Various alternative methods have been explored in recent publications to centralize the data while still sufficiently preserving privacy. However, discrepancies between promising academic ideas and practically applicable solutions exist. There are prominent examples to this issue:

•Homomorphic encryption is a compelling technique, which allows operations on fully encrypted data without prior decryption. Craig Gentry published the first fully homomorphic encryption scheme in 2009 [31]. While the technology is certainly promising, it is currently still computationally too expensive for widespread practical application in most clinical applications.

•Dwork et al. introduced differential privacy [32], which has been successfully implemented in a wide range of applications [33]. To be differentially private, a database is transformed so that the individual records are obscured, but the underlying statistical information is retained. However, this approach might not be applicable on small datasets [34, 35].

•Another approach that results in a similar solution is the application of generative adversarial networks (GANs) [36], which produce synthetic data samples derived from original examples. Those samples exhibit the same statistical properties while not containing real private information. This approach has already been applied on medical data [37, 38]. However, GANs are computationally expensive, time-consuming, and their output is notoriously difficult to validate.

Instead of trying to find secure methods to aggregate data, federated learning (FL) is aiming to centralize knowledge without ever collecting data in a central infrastructure. The concept was proposed by Google researchers McMahan et al. in 2015 for improving typing predictions in their Android operating system [39].

1.4 Federated Learning–Principles

The core principle of FL is to avoid the pooling of data from different participating clients (distinct participants with their individual datasets are referred to as nodes in further writing) into a central point of infrastructure. In FL, data stays in the nodes’ secure local environment where they were collected, and knowledge exchange is realized by transferring models and models only.
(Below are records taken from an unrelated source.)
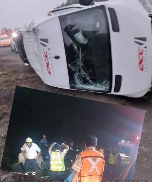 Trágico choque con volcadura de autobús, con saldo de 2 muertos y 13 heridos
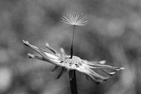 Close up foto van één zaadje van een uitgebloeide paardebloem (zwart/wit).
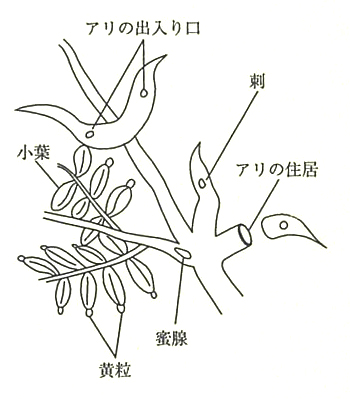 最後に、メキシコ産のマメ科の木、アリアカシアを紹介しよう。アリと仲よく生きている有名な木だ。この木の葉柄にある蜜腺が甘い蜜をアリたちに提供しているほかに、小葉の先に黄粒を付けタンパク質と脂肪に富んだごちそうまで用意している。さらに、ふくらんだ刺の中は空洞で、アリたちの住居にさしだしているから驚く。非常時には即戦即応でアリアカシアの生命を守ってくれる。
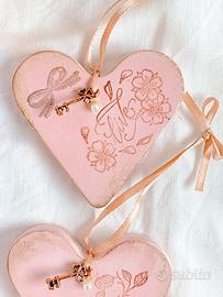 Tre cuori in polvere di gesso rosa, realizzati a mano con anticatura a cera e decorati con timbri ed elementi come perle e chiavi. Hanno tutti il nastrino per essere appesi e la possibilità di essere profumati. Ottima idea regalo
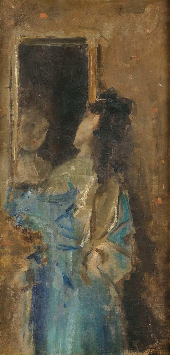 简介: 阿尔弗雷德·史蒂文斯(Alfred Stevens,比利时画家)作品-照镜子的蓝衣女孩
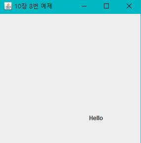 ※ "Hello" 문자열은 JLabel 컴포넌트로 만들어 컨텐트팬에 부착하고 상,하, 좌,우 키를 움직이면 키 방향으로 한 번에 10픽셀씩 움직인다 이를 위해 컨텐트팬의 배치관리자를 삭제하여야 한다. "Hello" 문자열을 초기에 (50,50) 위치에 출력하라.
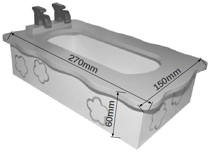 A must-have for Barbie's bathroom, this wooden bath will delight your daughter and add a finishing touch to her dolls house. Complete with silver coloured taps and a painted in plug!
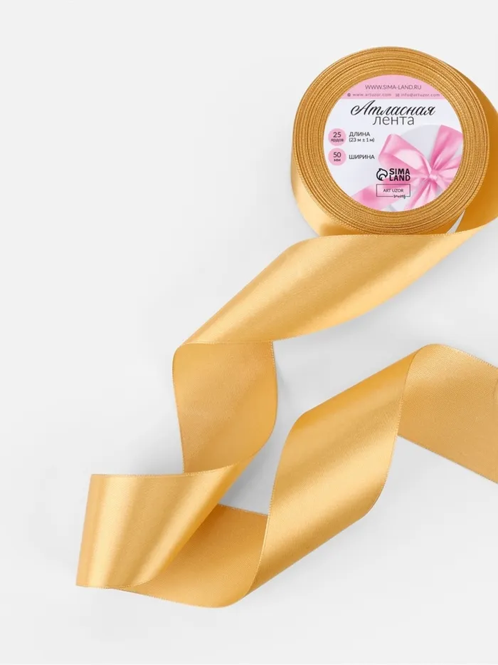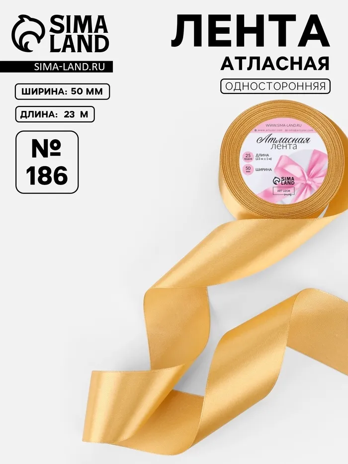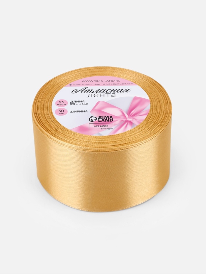 Лента атласная, 50 мм, 23±1 м, золотисто-бежевая №186 — Характеристики

This eliminates the need of secure data transfer and storage, which always comes with a high risk of data leakages. In its original proposal [39], the FL workflow is comprised of five steps:

  1. 1)

    a central model is created

  2. 2)

    the model is distributed to all nodes

  3. 3)

    this model is trained at the clients’ infrastructure with the respective local data only

  4. 4)

    the changes in the models’ parameters are securely averaged

  5. 5)

    the central model is updated with the new parameters

Steps 2–5 are repeated multiple times until the model converges. Neural networks are well-suited for this as they are comprised of large matrices of weights and biases, for which standard mathematical operations like calculating a mean are easily applicable. McMahan et al. proposed averaging the parameters in a buffer, to obfuscate the individual nodes’ contribution even further [40].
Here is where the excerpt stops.